Contribution of individual NY-ESO-1_157–165 amino acid residues to functional antigen recognition by specific T cell clonotypes. (A) The relative antigenicity of alanine-substituted NY-ESO-1 peptide analogs was assessed on T2 target cells in the presence of graded peptide concentration. We used five and six distinct T cell clonotypes (BV1, BV8, and BV13) isolated from patients LAU 155 and LAU 50, respectively. The molar concentration required for 50% maximal lysis by each T cell clone and for each peptide was calculated from peptide titration experiments. The relative antigenic activity of each peptide analog was determined by using the native peptide NY-ESO-1 as a reference (SI Text).
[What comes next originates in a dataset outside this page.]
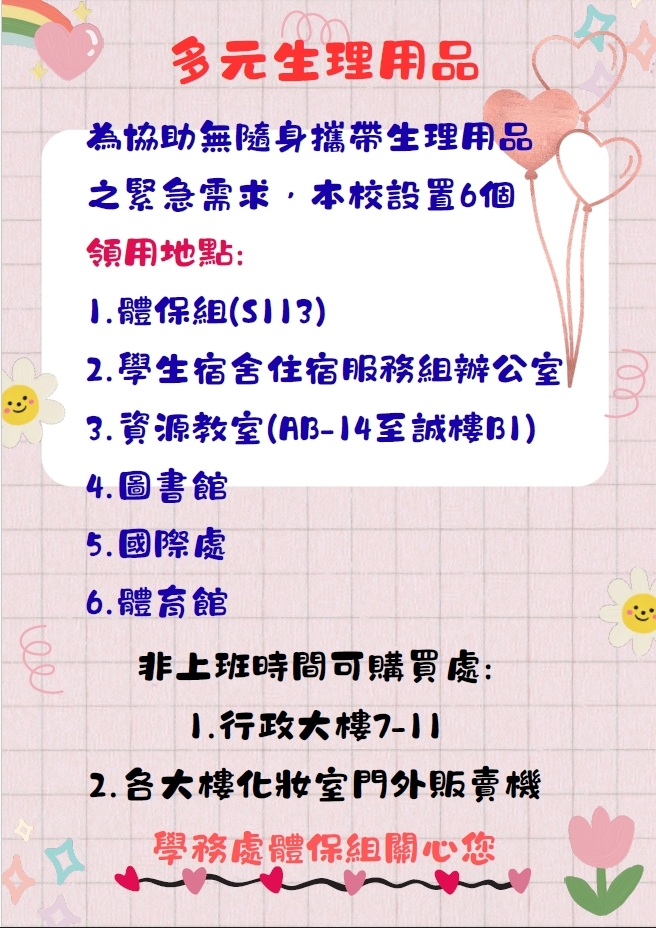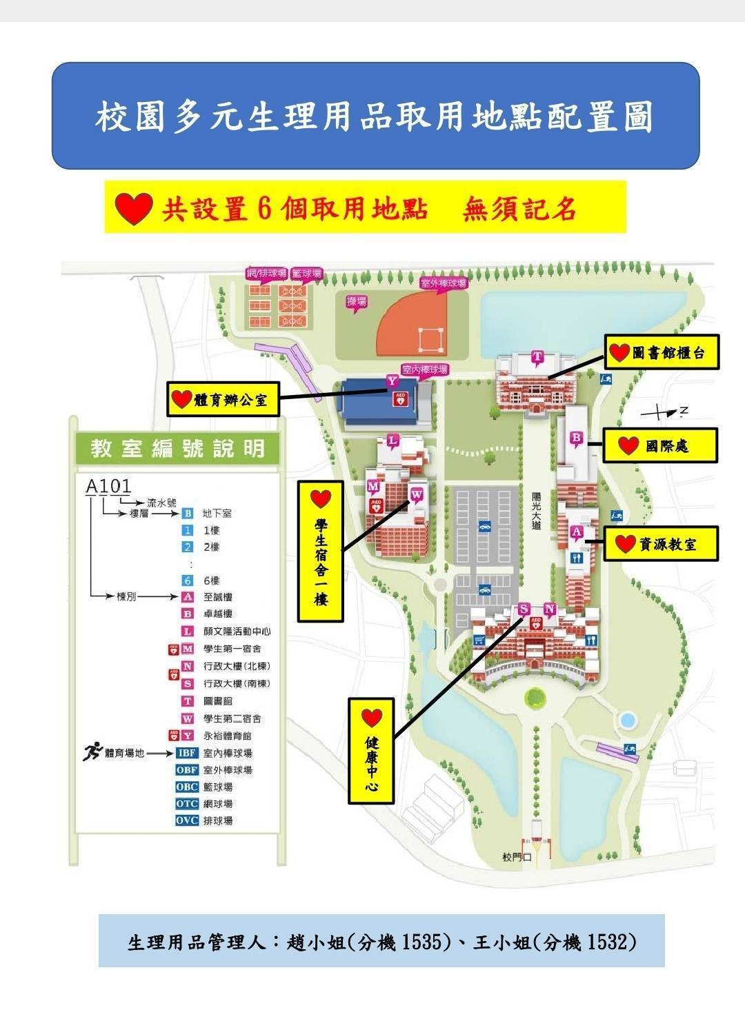 為協助未隨身攜帶生理用品有經期生理需求之學生及進入部屬場館之民眾可因應緊急需求,本校於健康中心(體保組S113)、宿舍一樓辦公室、資源教室(AB-14)等共6處地點備有多元生理用品,如有緊急需求者可至上述地點取用(取用地點如下圖)!!!

The recognition patterns of BV1-, BV8-, and BV13-derived clonotypes are depicted in separate panels of graphs. (B) Estimation of the binding free energy contributions of each residue of the NY-ESO-1_157–165 peptide for the TCR BV13 clonotype 1 isolated from patient LAU 155. Of note, the side chains of the central residues (P4–P8) showed important favorable contributions in the binding between peptide and TCR, whereas the contributions of the outer side chains (P1, P2, P3, and P9) were not significant. (C) Comparison of the sum of the binding free energy contributions made by the TCR Vβ residues and the TCR Vα residues toward the HLA-A*0201/NY-ESO-1_157–165 complex. Histogram count of 19 of the 20 TCR models was generated in silico, as a function of the ΔG_β,bind − ΔG_α,bind difference. The ΔG_β,bind − ΔG_α,bind difference is in kilocalories per mole. Of note, the 2BNR (15) ΔG_β,bind − ΔG_α,bind difference was −6.4 kcal/mol, conferring again a preponderant role to the β-chain in the binding process.